Mauritius authorities tighten rules on Indian treaty relief
India's federal tax authorities have long complained that the India-Mauritius double taxation treaty is abused by investors. They claim that brass-plate companies are set up in Mauritius by Indian resident investors, purely to channel funds into Indian companies without having to pay Indian capital gains tax (CGT) on their investments (Mauritius companies are exempt from CGT). Large multinational firms also use the technique, and the upshot is that nearly 40 per cent of foreign direct investment into India comes via Mauritius.
Now the Mauritius Financial Services Commission (FSC) has issued new draft guidance intended to restrict so-called round-tripping.
There are already 'economic substance' rules in place aimed at ensuring that only companies that are properly controlled and managed in Mauritius are issued a Tax Residency Certificate (TRC) – which is now a legal requirement for a company to claim treaty relief. As from January 2015, though, the conditions for obtaining a TRC will become more stringent.
Applicant companies must have office premises in Mauritius and hold assets of at least USD100,000 in the jurisdiction – probably including land and financial securities. They must also employ at least one full-time resident at an administrative or technical level.
Their annual expenditure in Mauritius must also be at a level that is 'reasonably expected' of any similar company controlled and managed from Mauritius, where reasonableness is judged subjectively by the FSC.
Other new conditions relate to the qualifications and level of experience of the company's directors. Companies making application for renewal of their TRC after 1 January 2015 will need to ensure that the extra conditions are satisfied.

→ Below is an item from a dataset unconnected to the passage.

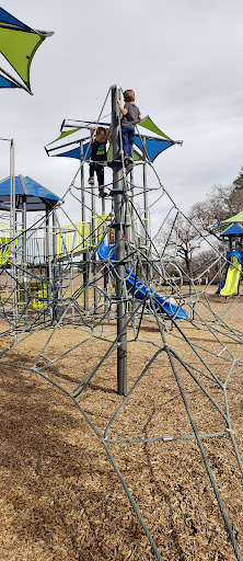 Awesome playground, one of my kids (almost 4- year olds) favorite! Big variety of things to do including a big climbing net, ladders, balance-testing tunnel, slides. The playground has sections for 2-5 YOs and 5-12 YO but my kids go on almost everything. It's a pretty big playground with benches nearby and a big open space, with a few picnic tables I believe. Everything seemed to be in good shape minus a little innocuous spray paint (someone solidly spray- painted over one of the bubble-windows on the main climbing structure so you can't see through it but it's not a bad word or picture or anything). I don't think there is a bathroom but the...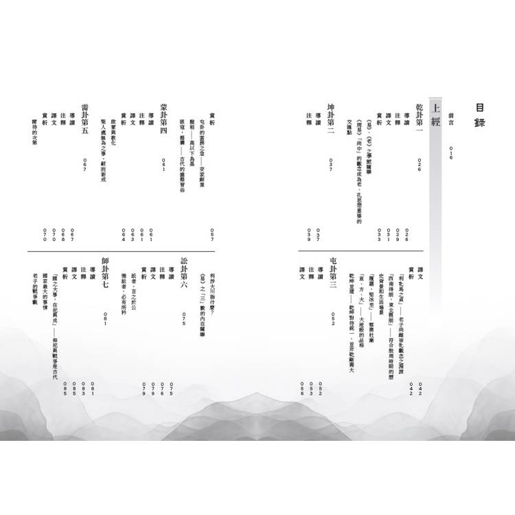 本書的著眼點,在於探尋《周易》古經原貌,揭示《易》、《老》內在學脈關聯,鉤沉哲學思想與人文意識從未顯題化到顯題化的發展脈絡。同時,對卦、爻辭中明顯的儒家思想及其他學派思想也鄭重地進行賞析和討論,還有一些與考古新材料有關成果的議題,也予以積極採用。為此,每卦一章,均由導讀、正文、註釋、譯文及賞析五部分組成。本書的文筆力求簡潔,避免繁冗的訓詁和徵引,以立廣大普通讀者閱讀。

Some of these conditions are similar to those in the India-Singapore Tax Treaty, according to New Delhi tax firm BMR Advisors. According to BMR chairman Mukesh Butani, they suggest that Mauritius is preparing for India's general anti-avoidance rule that will be implemented from April 2015. The GAAR will expose foreign institutional investors to extra scrutiny and possible sanctions from the Indian tax authorities, and many are said to be considering relocating from Mauritius to other jurisdictions.